- Opening Delimiter -

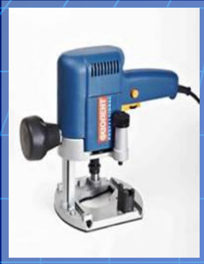
МАШИНА ФРЕЗЕРНАЯ РУЧНАЯ МФЗ-11003
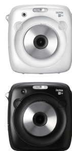
instax SQUARE SQ10

「撮ル」をあそぼう」をコンセプトに、多彩な機能、洗練されたデザインとあざやかなカラーが特徴。男女問わず愛用されている商品です。
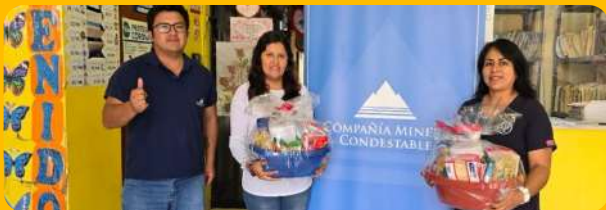
Centro de Salud Mental Comunitario Valle La Esperanza.

- Closing Delimiter -

=== How to complete this task ===
For this exercise, write the listing out again exactly, excluding all images.

=== Written response ===
МАШИНА ФРЕЗЕРНАЯ РУЧНАЯ МФЗ-11003
instax SQUARE SQ10

「撮ル」をあそぼう」をコンセプトに、多彩な機能、洗練されたデザインとあざやかなカラーが特徴。男女問わず愛用されている商品です。
Centro de Salud Mental Comunitario Valle La Esperanza.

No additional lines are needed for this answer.